What do you do when your kid wants to wear jeans that sag well below his butt, t-shirts with vulgar words and head wear that smacks of gang paraphernalia?
No idea. Don’t ask me. My kids are still into Spiderman, Princesses and Elmo.
Our almost four-year-old (he turns four on Halloween…yeah!!!) has gotten quite good at dressing himself these days. Well, sort of.
See, ever since he had the capability to put his own shoes on, he’s quite nearly insisted they be placed on the wrong feet. Once he reached an age of relative reasoning (I know…I know…he’s only almost four…that’s why I said ‘relative’) I started asking him questions like: “Don’t your feet feel uncomfortable with your shoes on that way?” He’d always shake his head ‘no’ and run off to play. And I’d let him keep his shoes on however he damn-well pleased, because I didn’t want to mess with the burgeoning independence thing.
But it’s not just his shoes. When he dresses himself, which is most days now, he puts everything on backwards: his t-shirt logos (construction trucks, robots and the like…no slang or gang lingo, thank you very much) face the back, his pants pockets are inaccessibly facing the wrong way…even his underwear (when he remembers to put it on) faces backwards.
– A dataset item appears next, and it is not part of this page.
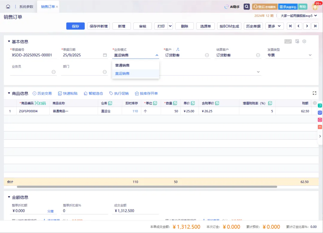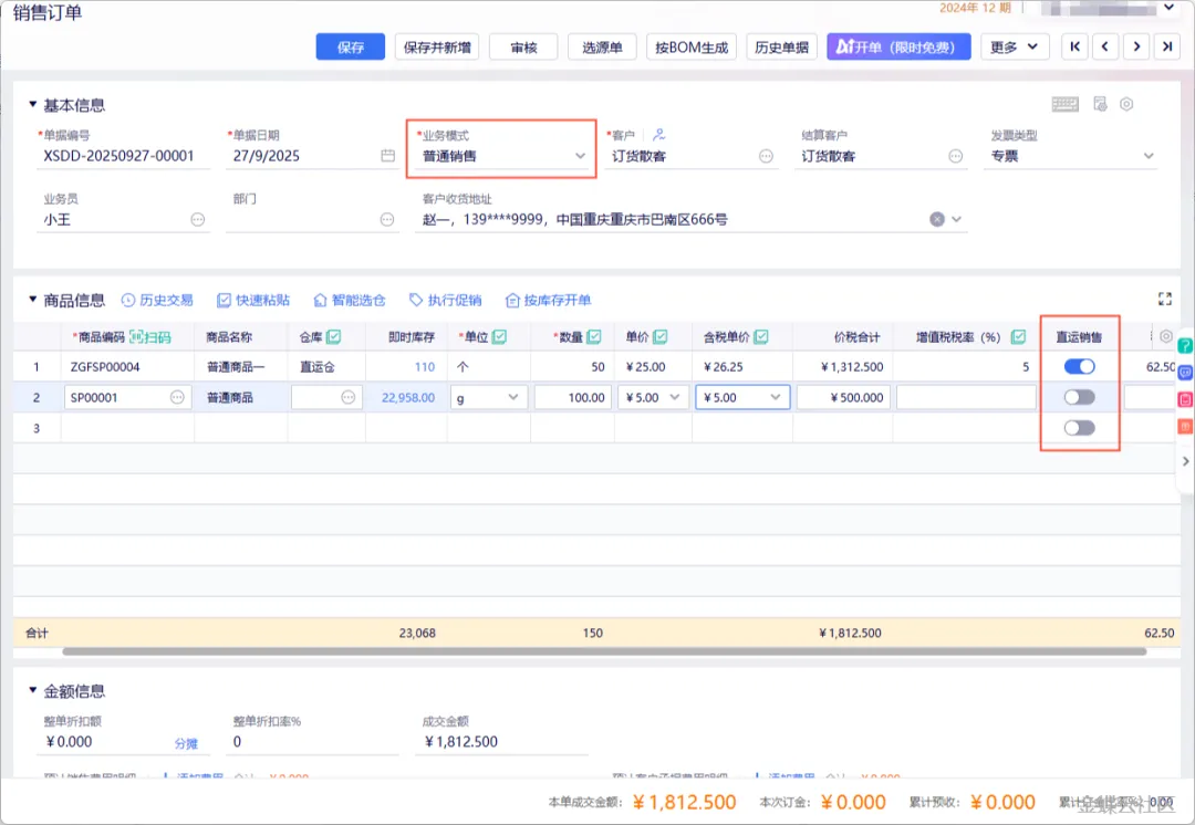 若为普通销售,系统支持混合模式:可在商品行中设置是否“直运销售”,系统将按行区分直运与非直运商品,并执行相应的流程控制。

But he’s proud as pudding when he comes out of his room in the morning–school outfit in place–and I just don’t have the heart to change it. So off to preschool he goes, looking like a little white version of Kriss Kross.
Yesterday morning while rushing the kids through another rmorning routine before leaving for school drop-offs, I summoned him to join the rest of us in the bathroom for teeth brushing time. Unable to decipher between the words “conncentrate” and “focus,” he called back from the opposite end of the house,
“Mom! I’m trying to focustrate on putting on my shoes!”
And you know what? That time he got them on the right feet.